■ Data listing ■
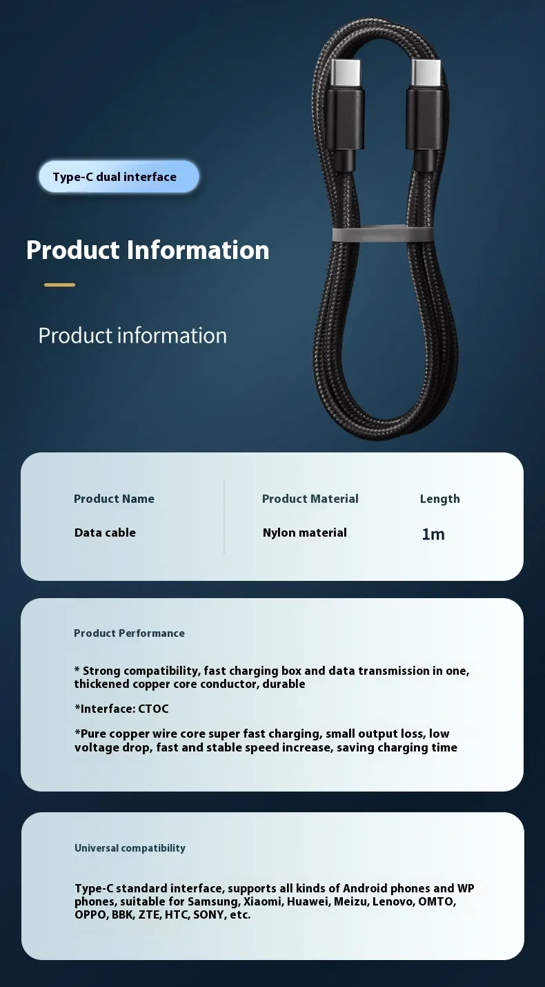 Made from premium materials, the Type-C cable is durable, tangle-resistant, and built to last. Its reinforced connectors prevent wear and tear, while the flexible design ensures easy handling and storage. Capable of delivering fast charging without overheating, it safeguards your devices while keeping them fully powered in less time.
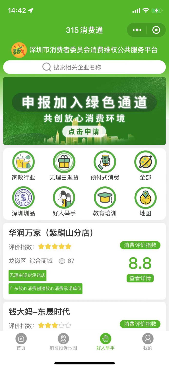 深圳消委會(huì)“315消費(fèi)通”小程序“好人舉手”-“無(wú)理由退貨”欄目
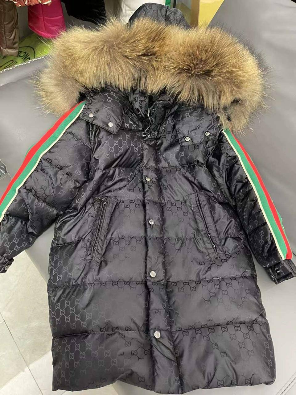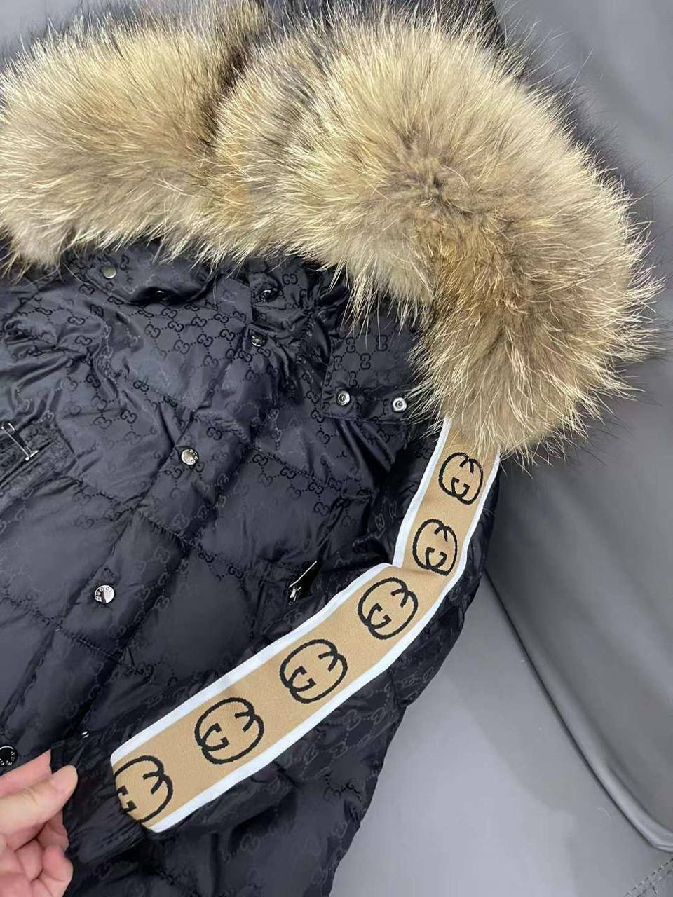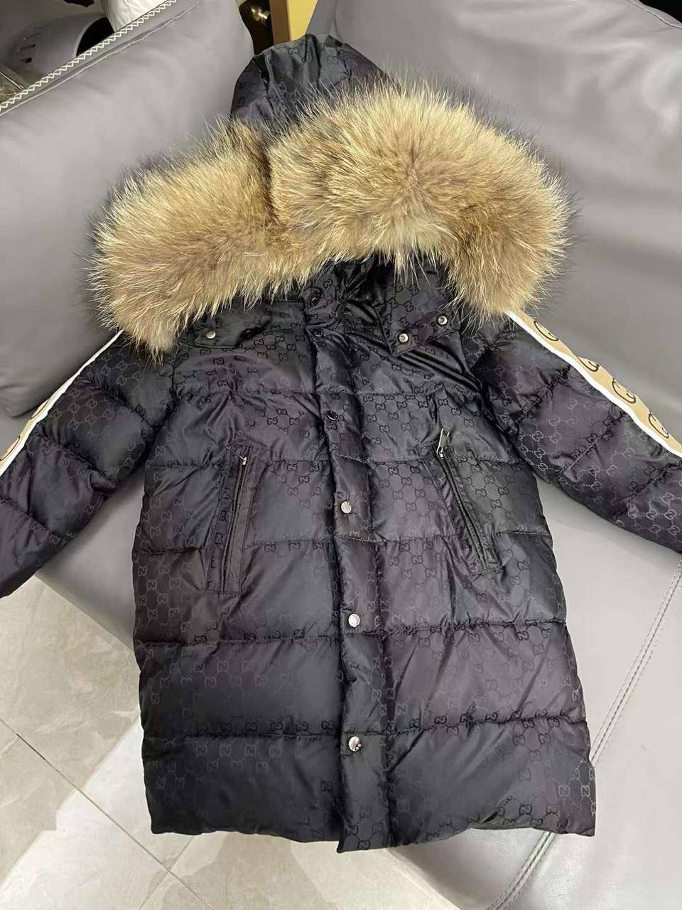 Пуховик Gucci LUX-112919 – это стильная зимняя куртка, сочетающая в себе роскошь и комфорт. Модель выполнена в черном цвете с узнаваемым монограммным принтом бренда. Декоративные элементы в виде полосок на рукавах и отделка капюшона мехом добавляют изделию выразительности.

==

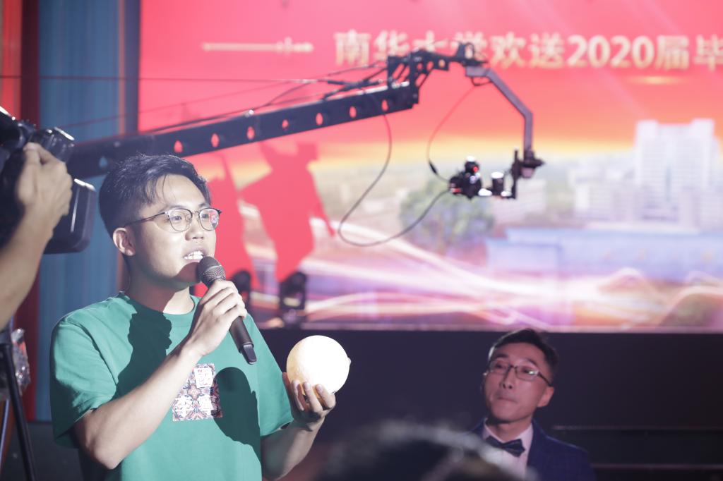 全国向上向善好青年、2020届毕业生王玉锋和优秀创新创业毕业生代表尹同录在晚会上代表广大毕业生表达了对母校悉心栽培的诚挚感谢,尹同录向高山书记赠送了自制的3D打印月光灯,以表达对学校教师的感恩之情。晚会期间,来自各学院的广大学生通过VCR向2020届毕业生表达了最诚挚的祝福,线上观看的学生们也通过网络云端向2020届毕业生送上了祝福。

■ Task details ■
Copy exactly the part of the material above that opens with the line containing "Made from premium" and closes with the line containing "Пуховик Gucci LUX-112919", ends included. Drop the images.

■ Result ■
 Made from premium materials, the Type-C cable is durable, tangle-resistant, and built to last. Its reinforced connectors prevent wear and tear, while the flexible design ensures easy handling and storage. Capable of delivering fast charging without overheating, it safeguards your devices while keeping them fully powered in less time.
 深圳消委會(huì)“315消費(fèi)通”小程序“好人舉手”-“無(wú)理由退貨”欄目
 Пуховик Gucci LUX-112919 – это стильная зимняя куртка, сочетающая в себе роскошь и комфорт. Модель выполнена в черном цвете с узнаваемым монограммным принтом бренда. Декоративные элементы в виде полосок на рукавах и отделка капюшона мехом добавляют изделию выразительности.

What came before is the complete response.